Chinese word segmentation module: build the Chinese dictionary under the general context in the said Chinese word segmentation module, obtain the vocabulary elements of the network information in the above-mentioned text database that is arranged in the format analysis unit then through the vocabulary cutting and according to this Chinese dictionary;
Module set up in index: the keyword foundation of obtaining according to said Chinese word segmentation module is the backward index file form on basis with the octet, sets up index file, and index file is stored;
Retrieval module: according to the inquiry of location knowledge body utilization boolean operation, fuzzy and grouping inquiry mode to the location knowledge in the network information in the above-mentioned text database; If the network information contains the relevant vocabulary of some position fence; Then with the location tags of this position fence of this network information mark, the summary of text message is mapped in the fence of position, the summary of said text message comprises: title; Time; Some words before the text, source network address URL, some radicals are set according to the user before the said text.

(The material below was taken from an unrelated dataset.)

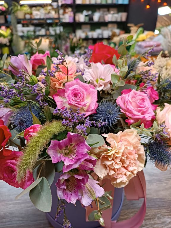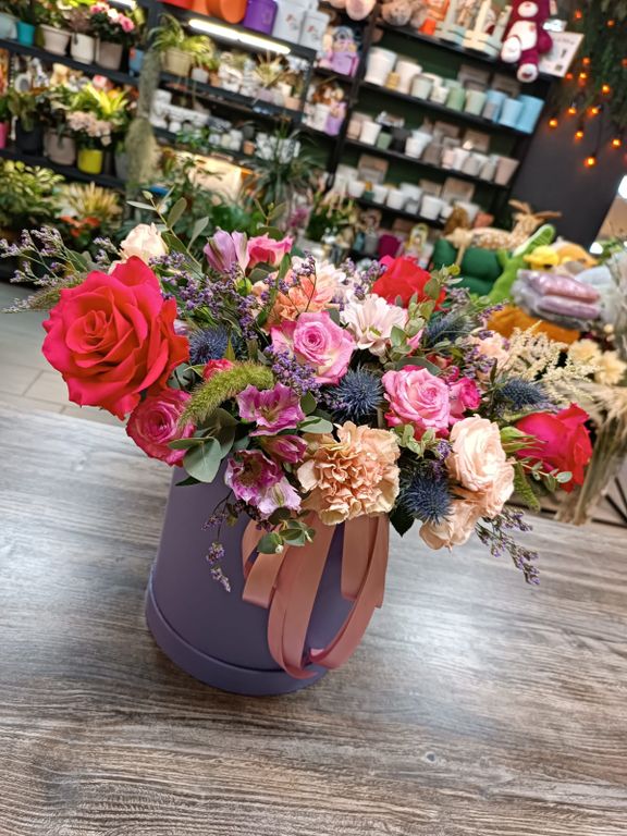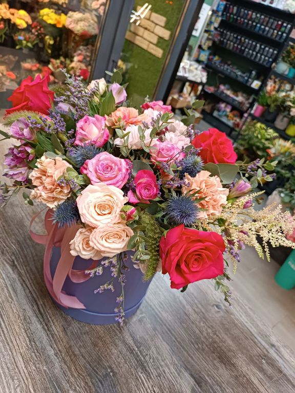 Композиция "Фуксия" 4 900 ₽ можно купить в кредит В корзину Купить в 1 клик В корзину Купить в 1 клик Описание Комментарии 0 Описание Воздушная миксовая композиция в шляпной коробке(XL) Комментарии 0 Добавить комментарий Поделиться

At above-mentioned a kind of mobile message search and knowledge discovery system based on geographical space-time data; The concrete grammar that carries out in the fence administration module of described position dividing in the geographical position is: location knowledge setting " center-region-type " fence or geographical polygon fence that said position fence is perhaps extracted from the network information through client by the user; Said " center-region-type " fence is for being the center of circle with a geographical coordinate; Confirm the fence scope with radius; Promptly write down the fence title, fence central point gps coordinate, the fence radius gets final product; The real road that said geographical polygon fence marks according to the map, building attribute are provided with, and promptly write down each summit gps coordinate of fence;
This position fence administration module is to confirm that the concrete steps of the degree of association of two two positions fences are following based on the association mining algorithm: the degree of association matrix of setting up the position fence
, wherein each
Expression position fence
iWith
jThe degree of association, get the decimal between 0~1, system is the degree of association that any two fences are provided with an acquiescence by the keeper according to general knowledge at first
, wherein
Be acquiescence fence i, j appears at the number of times of consolidated network information simultaneously, after this appears at the number of times in the network information first simultaneously according to two fences of Knowledge Discovery server statistics
Adjust the degree of association, then the degree of association is high more for the more fences of occurrence number simultaneously, wherein
, and carry out the adjustment in each cycle according to the adjustment cycle that the user sets and calculate.
At above-mentioned a kind of mobile message search and knowledge discovery system based on geographical space-time data, described client comprises
Client communication module: make up Socket and be used for the wireless communication between maintain customer end and the server;
Customer Location location and positional information sending module: GPS in the client call intelligent movable handheld device and gyroscope interface, obtain current location, time, speed, highly, azimuth information, send to server after the assembling;
Customer information receiver module: collect the network information summary that server sends, show and to make a summary;
Authentication module: be used to handle authenticating user identification between client and the server;
Data encryption module: institute's transmission information in the network service is encrypted, guarantee channel safety and customer location privacy.
At above-mentioned a kind of mobile message search and knowledge discovery system based on geographical space-time data, described Information Push Server comprises:
Customer location identification and position fence ownership determination module: server is differentiated user place or near position fence through receiving the customer location coordinate information;
The information self-adapting molded tissue block: server is according to user's current location; Preferential tissue is made a summary with the network information in the fence of the maximally related position of customer location; And organize the network information summary in other position fences successively according to the degree of association of the above-mentioned position fence of having set up, network information summary deposit with message queue in wait for and sending;
Information pushes module: according to the content in the message queue, the network information summary of organizing is sent to client.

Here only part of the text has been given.